Dataset entries →
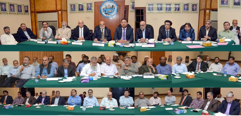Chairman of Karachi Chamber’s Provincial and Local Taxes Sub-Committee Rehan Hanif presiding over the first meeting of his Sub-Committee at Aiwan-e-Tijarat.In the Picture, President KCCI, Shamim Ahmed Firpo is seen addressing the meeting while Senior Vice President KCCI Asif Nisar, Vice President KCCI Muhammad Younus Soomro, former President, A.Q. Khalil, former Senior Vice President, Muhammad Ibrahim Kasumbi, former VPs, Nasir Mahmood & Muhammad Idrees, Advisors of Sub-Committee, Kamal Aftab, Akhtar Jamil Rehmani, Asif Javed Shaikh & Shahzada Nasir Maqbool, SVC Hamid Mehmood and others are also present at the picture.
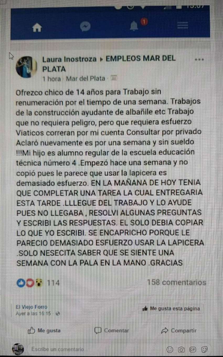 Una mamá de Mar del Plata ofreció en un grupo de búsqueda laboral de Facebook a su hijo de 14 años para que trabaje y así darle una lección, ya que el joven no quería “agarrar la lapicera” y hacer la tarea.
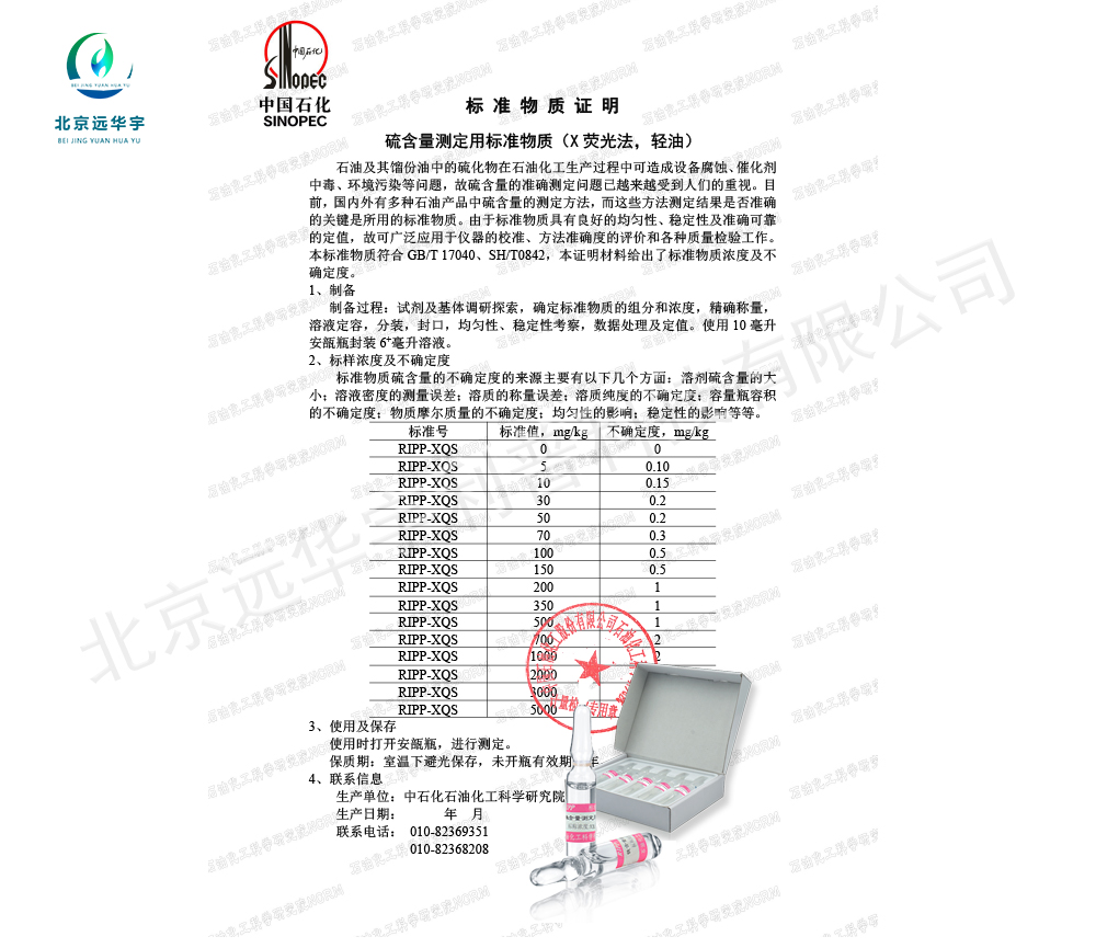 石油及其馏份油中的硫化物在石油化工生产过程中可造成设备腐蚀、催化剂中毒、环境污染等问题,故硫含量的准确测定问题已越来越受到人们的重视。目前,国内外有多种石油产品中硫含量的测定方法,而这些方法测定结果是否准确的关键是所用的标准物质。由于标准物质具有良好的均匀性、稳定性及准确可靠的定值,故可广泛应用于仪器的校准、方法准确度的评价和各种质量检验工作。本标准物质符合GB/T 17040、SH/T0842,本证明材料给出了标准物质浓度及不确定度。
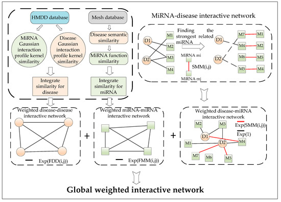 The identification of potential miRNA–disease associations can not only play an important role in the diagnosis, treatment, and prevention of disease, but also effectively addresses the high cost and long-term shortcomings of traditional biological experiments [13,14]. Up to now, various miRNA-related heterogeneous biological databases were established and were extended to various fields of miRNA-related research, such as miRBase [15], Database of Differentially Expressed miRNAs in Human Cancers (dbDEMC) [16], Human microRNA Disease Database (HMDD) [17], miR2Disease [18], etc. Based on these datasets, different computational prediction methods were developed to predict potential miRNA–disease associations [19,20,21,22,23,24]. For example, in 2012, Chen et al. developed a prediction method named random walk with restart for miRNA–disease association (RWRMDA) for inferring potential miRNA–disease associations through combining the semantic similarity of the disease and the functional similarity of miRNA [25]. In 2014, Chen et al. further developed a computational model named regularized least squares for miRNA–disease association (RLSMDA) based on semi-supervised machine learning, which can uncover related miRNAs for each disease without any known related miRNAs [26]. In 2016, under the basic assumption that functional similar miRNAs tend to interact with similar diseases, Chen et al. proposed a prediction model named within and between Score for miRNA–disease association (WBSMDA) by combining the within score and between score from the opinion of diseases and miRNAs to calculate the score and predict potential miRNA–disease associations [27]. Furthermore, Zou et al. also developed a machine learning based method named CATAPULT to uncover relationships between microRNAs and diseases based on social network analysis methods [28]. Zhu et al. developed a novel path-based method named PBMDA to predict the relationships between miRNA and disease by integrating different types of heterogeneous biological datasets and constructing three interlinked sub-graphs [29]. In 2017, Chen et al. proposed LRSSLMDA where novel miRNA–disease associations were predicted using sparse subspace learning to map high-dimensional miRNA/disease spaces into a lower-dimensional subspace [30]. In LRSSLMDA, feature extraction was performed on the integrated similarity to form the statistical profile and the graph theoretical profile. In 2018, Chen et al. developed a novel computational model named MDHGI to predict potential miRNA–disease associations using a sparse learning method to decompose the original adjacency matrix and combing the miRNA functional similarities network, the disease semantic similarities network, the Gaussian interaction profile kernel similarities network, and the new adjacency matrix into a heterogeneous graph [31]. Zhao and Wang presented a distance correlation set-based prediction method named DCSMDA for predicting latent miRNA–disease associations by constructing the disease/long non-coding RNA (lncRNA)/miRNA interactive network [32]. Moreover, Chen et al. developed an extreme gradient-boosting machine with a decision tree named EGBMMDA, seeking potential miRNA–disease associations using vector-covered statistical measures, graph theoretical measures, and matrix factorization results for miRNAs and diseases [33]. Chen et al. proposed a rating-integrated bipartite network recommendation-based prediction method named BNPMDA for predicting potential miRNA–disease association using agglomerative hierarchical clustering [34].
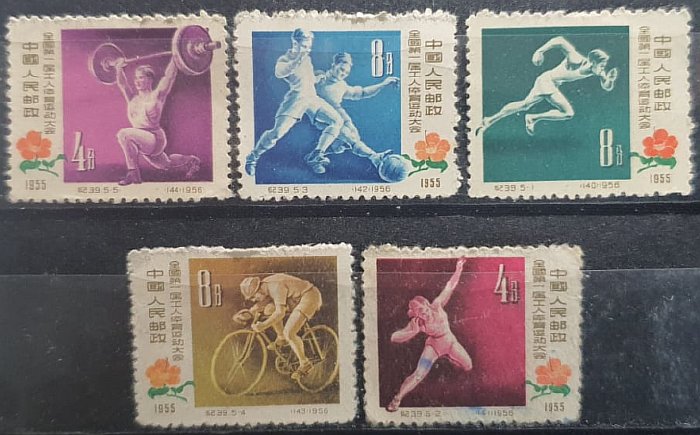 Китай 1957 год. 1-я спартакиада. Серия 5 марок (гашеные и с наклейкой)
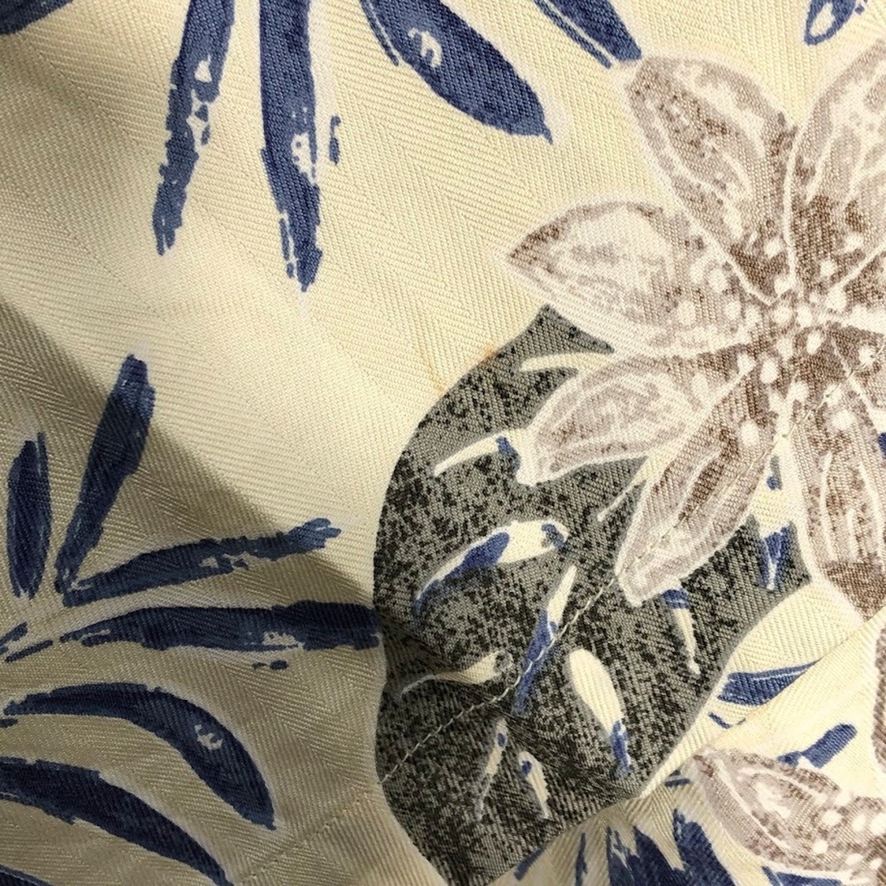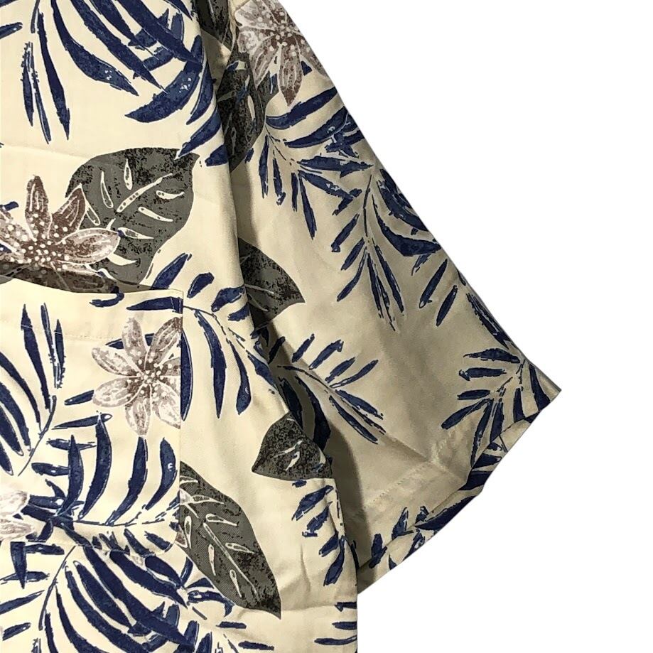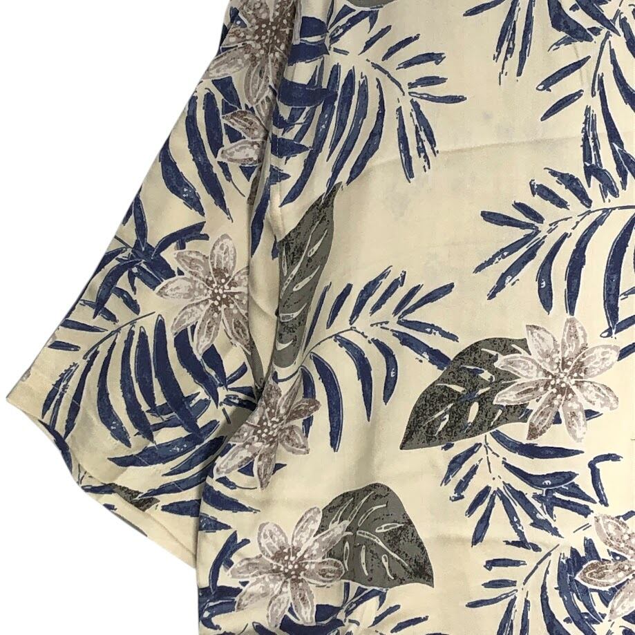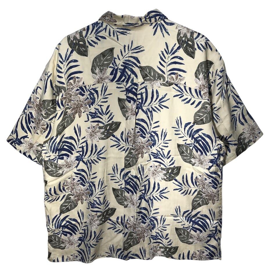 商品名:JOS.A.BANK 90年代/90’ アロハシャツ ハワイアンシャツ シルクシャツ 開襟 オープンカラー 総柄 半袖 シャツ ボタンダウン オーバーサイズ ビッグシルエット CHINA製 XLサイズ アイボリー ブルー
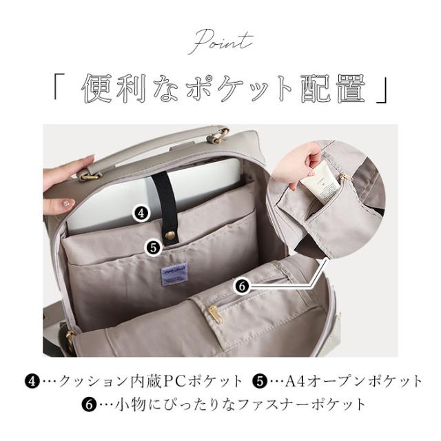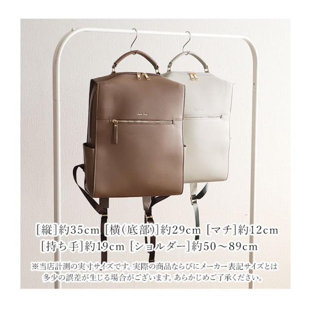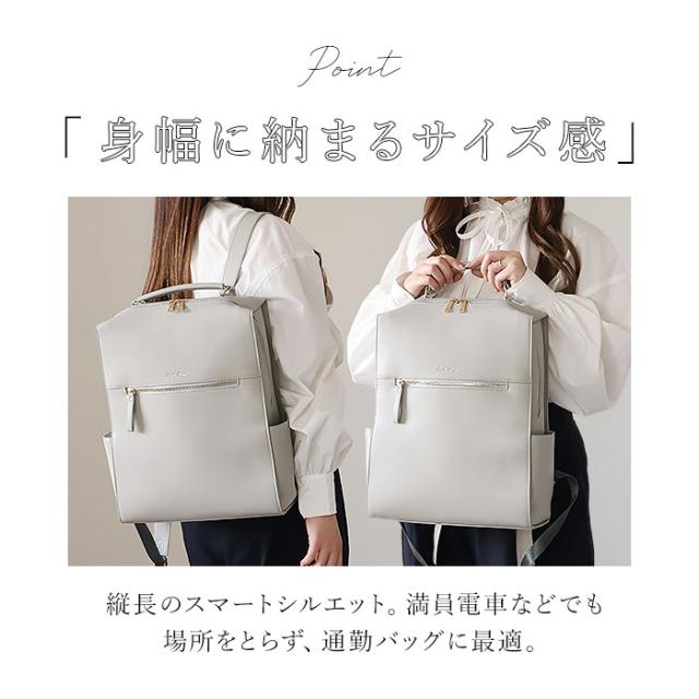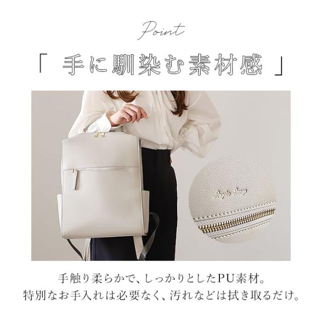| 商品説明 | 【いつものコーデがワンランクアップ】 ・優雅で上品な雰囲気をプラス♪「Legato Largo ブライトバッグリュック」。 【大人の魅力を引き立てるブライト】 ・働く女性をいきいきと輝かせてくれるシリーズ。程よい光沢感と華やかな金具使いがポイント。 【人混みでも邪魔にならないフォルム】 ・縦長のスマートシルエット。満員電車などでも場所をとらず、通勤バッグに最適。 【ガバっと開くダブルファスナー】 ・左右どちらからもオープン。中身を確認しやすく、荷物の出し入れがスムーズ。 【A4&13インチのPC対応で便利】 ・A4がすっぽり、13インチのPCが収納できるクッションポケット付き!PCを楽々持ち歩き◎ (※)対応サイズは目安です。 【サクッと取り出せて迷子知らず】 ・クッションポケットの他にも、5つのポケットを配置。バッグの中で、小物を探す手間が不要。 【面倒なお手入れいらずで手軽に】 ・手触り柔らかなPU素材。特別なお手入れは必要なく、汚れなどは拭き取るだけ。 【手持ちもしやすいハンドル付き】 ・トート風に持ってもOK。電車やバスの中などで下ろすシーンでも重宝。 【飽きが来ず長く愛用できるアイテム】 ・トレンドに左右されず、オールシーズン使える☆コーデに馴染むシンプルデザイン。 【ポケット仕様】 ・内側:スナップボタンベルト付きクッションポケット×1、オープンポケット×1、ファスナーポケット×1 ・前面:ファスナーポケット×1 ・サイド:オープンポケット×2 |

PROBLEM DESCRIPTION → Keep the pictures out of your copy, and repeat every entry above exactly.

ANSWER BOX →
Chairman of Karachi Chamber’s Provincial and Local Taxes Sub-Committee Rehan Hanif presiding over the first meeting of his Sub-Committee at Aiwan-e-Tijarat.In the Picture, President KCCI, Shamim Ahmed Firpo is seen addressing the meeting while Senior Vice President KCCI Asif Nisar, Vice President KCCI Muhammad Younus Soomro, former President, A.Q. Khalil, former Senior Vice President, Muhammad Ibrahim Kasumbi, former VPs, Nasir Mahmood & Muhammad Idrees, Advisors of Sub-Committee, Kamal Aftab, Akhtar Jamil Rehmani, Asif Javed Shaikh & Shahzada Nasir Maqbool, SVC Hamid Mehmood and others are also present at the picture.
 Una mamá de Mar del Plata ofreció en un grupo de búsqueda laboral de Facebook a su hijo de 14 años para que trabaje y así darle una lección, ya que el joven no quería “agarrar la lapicera” y hacer la tarea.
 石油及其馏份油中的硫化物在石油化工生产过程中可造成设备腐蚀、催化剂中毒、环境污染等问题,故硫含量的准确测定问题已越来越受到人们的重视。目前,国内外有多种石油产品中硫含量的测定方法,而这些方法测定结果是否准确的关键是所用的标准物质。由于标准物质具有良好的均匀性、稳定性及准确可靠的定值,故可广泛应用于仪器的校准、方法准确度的评价和各种质量检验工作。本标准物质符合GB/T 17040、SH/T0842,本证明材料给出了标准物质浓度及不确定度。
 The identification of potential miRNA–disease associations can not only play an important role in the diagnosis, treatment, and prevention of disease, but also effectively addresses the high cost and long-term shortcomings of traditional biological experiments [13,14]. Up to now, various miRNA-related heterogeneous biological databases were established and were extended to various fields of miRNA-related research, such as miRBase [15], Database of Differentially Expressed miRNAs in Human Cancers (dbDEMC) [16], Human microRNA Disease Database (HMDD) [17], miR2Disease [18], etc. Based on these datasets, different computational prediction methods were developed to predict potential miRNA–disease associations [19,20,21,22,23,24]. For example, in 2012, Chen et al. developed a prediction method named random walk with restart for miRNA–disease association (RWRMDA) for inferring potential miRNA–disease associations through combining the semantic similarity of the disease and the functional similarity of miRNA [25]. In 2014, Chen et al. further developed a computational model named regularized least squares for miRNA–disease association (RLSMDA) based on semi-supervised machine learning, which can uncover related miRNAs for each disease without any known related miRNAs [26]. In 2016, under the basic assumption that functional similar miRNAs tend to interact with similar diseases, Chen et al. proposed a prediction model named within and between Score for miRNA–disease association (WBSMDA) by combining the within score and between score from the opinion of diseases and miRNAs to calculate the score and predict potential miRNA–disease associations [27]. Furthermore, Zou et al. also developed a machine learning based method named CATAPULT to uncover relationships between microRNAs and diseases based on social network analysis methods [28]. Zhu et al. developed a novel path-based method named PBMDA to predict the relationships between miRNA and disease by integrating different types of heterogeneous biological datasets and constructing three interlinked sub-graphs [29]. In 2017, Chen et al. proposed LRSSLMDA where novel miRNA–disease associations were predicted using sparse subspace learning to map high-dimensional miRNA/disease spaces into a lower-dimensional subspace [30]. In LRSSLMDA, feature extraction was performed on the integrated similarity to form the statistical profile and the graph theoretical profile. In 2018, Chen et al. developed a novel computational model named MDHGI to predict potential miRNA–disease associations using a sparse learning method to decompose the original adjacency matrix and combing the miRNA functional similarities network, the disease semantic similarities network, the Gaussian interaction profile kernel similarities network, and the new adjacency matrix into a heterogeneous graph [31]. Zhao and Wang presented a distance correlation set-based prediction method named DCSMDA for predicting latent miRNA–disease associations by constructing the disease/long non-coding RNA (lncRNA)/miRNA interactive network [32]. Moreover, Chen et al. developed an extreme gradient-boosting machine with a decision tree named EGBMMDA, seeking potential miRNA–disease associations using vector-covered statistical measures, graph theoretical measures, and matrix factorization results for miRNAs and diseases [33]. Chen et al. proposed a rating-integrated bipartite network recommendation-based prediction method named BNPMDA for predicting potential miRNA–disease association using agglomerative hierarchical clustering [34].
 Китай 1957 год. 1-я спартакиада. Серия 5 марок (гашеные и с наклейкой)
 商品名:JOS.A.BANK 90年代/90’ アロハシャツ ハワイアンシャツ シルクシャツ 開襟 オープンカラー 総柄 半袖 シャツ ボタンダウン オーバーサイズ ビッグシルエット CHINA製 XLサイズ アイボリー ブルー
| 商品説明 | 【いつものコーデがワンランクアップ】 ・優雅で上品な雰囲気をプラス♪「Legato Largo ブライトバッグリュック」。 【大人の魅力を引き立てるブライト】 ・働く女性をいきいきと輝かせてくれるシリーズ。程よい光沢感と華やかな金具使いがポイント。 【人混みでも邪魔にならないフォルム】 ・縦長のスマートシルエット。満員電車などでも場所をとらず、通勤バッグに最適。 【ガバっと開くダブルファスナー】 ・左右どちらからもオープン。中身を確認しやすく、荷物の出し入れがスムーズ。 【A4&13インチのPC対応で便利】 ・A4がすっぽり、13インチのPCが収納できるクッションポケット付き!PCを楽々持ち歩き◎ (※)対応サイズは目安です。 【サクッと取り出せて迷子知らず】 ・クッションポケットの他にも、5つのポケットを配置。バッグの中で、小物を探す手間が不要。 【面倒なお手入れいらずで手軽に】 ・手触り柔らかなPU素材。特別なお手入れは必要なく、汚れなどは拭き取るだけ。 【手持ちもしやすいハンドル付き】 ・トート風に持ってもOK。電車やバスの中などで下ろすシーンでも重宝。 【飽きが来ず長く愛用できるアイテム】 ・トレンドに左右されず、オールシーズン使える☆コーデに馴染むシンプルデザイン。 【ポケット仕様】 ・内側:スナップボタンベルト付きクッションポケット×1、オープンポケット×1、ファスナーポケット×1 ・前面:ファスナーポケット×1 ・サイド:オープンポケット×2 |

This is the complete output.